Magic’s just science that we don’t understand yet.

Arthur C. Clark

Alejo Carpentier is described, in The Penguin History of Latin America, as one of the originators of the literary genre magic realism, although for him, it was less of the magic and more of the marvellous. The novel of his which I’ve recently finished, The lost steps, is chock-a-block full of the marvellous. Although it doesn’t exactly have magical happenings infiltrating its reality, the perception of the characters is swayed by a sense of the magical spirit originating in indigenous culture. As the protagonist goes from the hustle and bustle of his North American city routine to the Latin American jungle, he feels like he’s travelling backwards through time. The author explores the contrast of pace, the emphasis of the moment, and plays with the history of humankind. He’s writing from experience. The dramatic but often florid descriptions of jungle fauna come straight from the author’s own journeys in the Venezuelan wilderness, up the Orinoco river.

While living in Paris, two novelists who had previously written on nativist themes, the Guatemalan Miguel Angel Asturias and the Cuban Alejo Carpentier, came into contact with surrealism and saw how the use of primitive myths and beliefs could evoke a sense of the marvellous in fiction while also serving to represent the heterogeneous cultural reality of Latin America.

The Penguin History of Latin America, Edwin Williamson (pg 542)

Magical Realism is a genre I initially associated with Gabriel García Márquez, Isabel Allende and, at the other side of the world, Haruki Murakami. It’s not fantasy, because it keeps a tight grip on reality, but nor is it literary realism – it’s often coarse realism is softened with magic. I want to say that Gabriel García Márquez met Alejo Carpentier in Cuba, but I gained this belief through listening to Solitude and Company: The Life of Gabriel García Márquez Told with Help from His Friends, Family, Fans, Arguers, Fellow Pranksters, Drunks, and a Few Respectable Souls by Silvana Paternostro and because it’s an audiobook I can’t locate the reference.
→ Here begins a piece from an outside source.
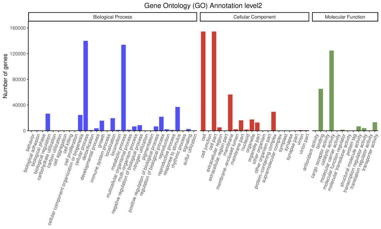 注: 横坐标表示 Level2 水平上 GO term,不同颜色代表不同 GO 类,分为三大类,纵坐标表示 注释到该 term 上面的 Unigene 数目
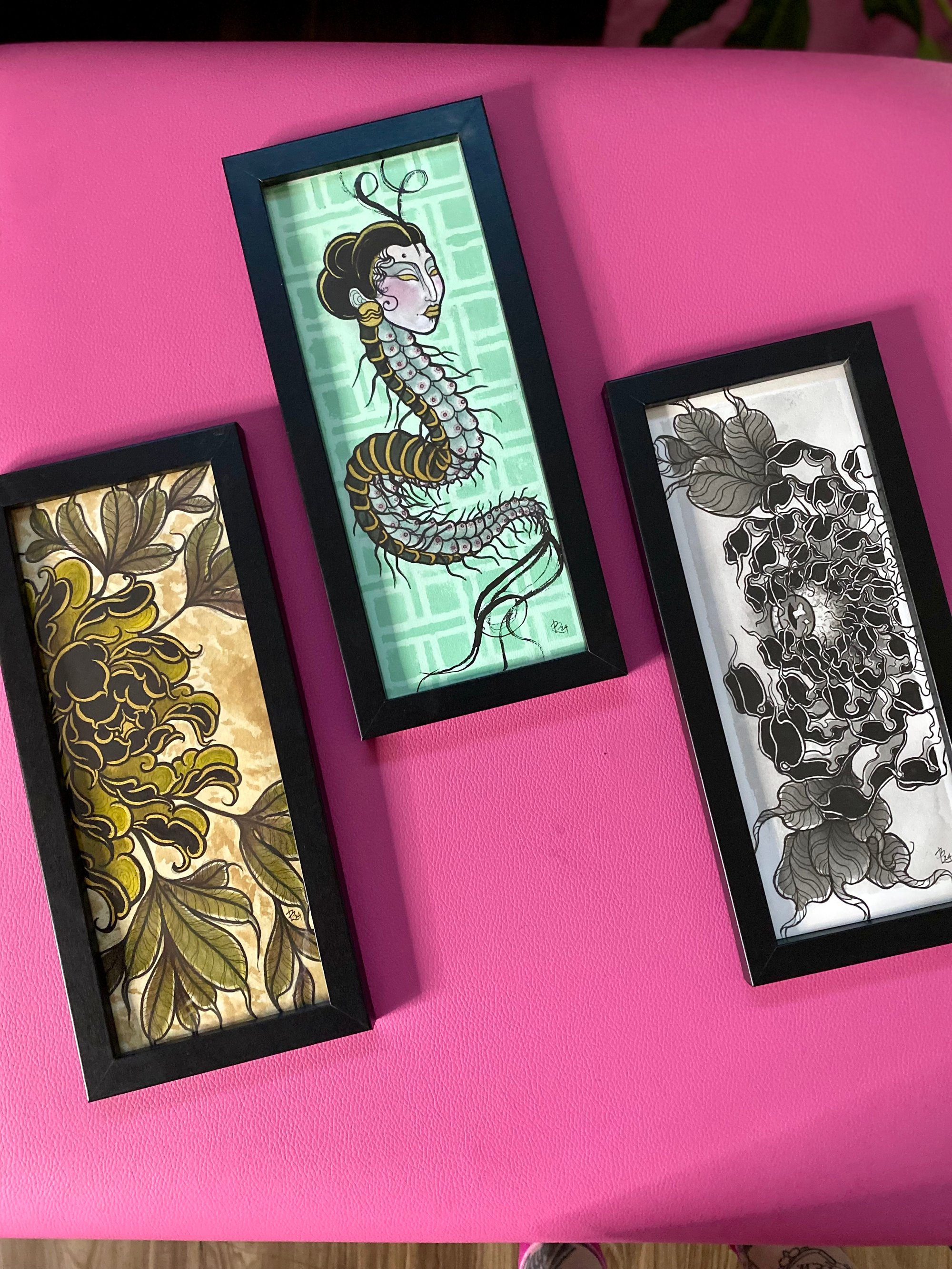 A swirling chrysanthemum unravels into something otherworldly, its petals forming hypnotic curves that draw you into a single, haunting eye at the center. Inspired by the bold flow of traditional Japanese irezumi, this 4x10 inch piece by Lor Begent blends meticulous ink linework with delicate watercolor shading to create a surreal sense of movement and unease.

I hadn’t considered surrealism’s impact on literature before

It’s interesting to reflect upon The lost steps from the perception of surrealism because surrealism has at its heart an exploration of the unconscious and a desire to unite the unconscious with the conscious. In a European sense, perhaps this primarily focuses on the dream world versus the world of the awake. You can imagine Picasso and Dalí at this point. It’s heavily influenced by Freud. Yet, moving to the society of the indigenous peoples of Venezuela and other similar places, where an attitude of let us measure it, analyse it and give it a label has a lesser grip, you can see the difference between conscious and unconscious might not be so black and white. The influence of earth on man (and the respect of earth by man) leaves room for everyday marvels, even with both eyes open and the mind awake. I was reminded of meeting an indigenous lady in the Atacama Desert who read the oncoming storm painted in the skies and marvelled at how we couldn’t.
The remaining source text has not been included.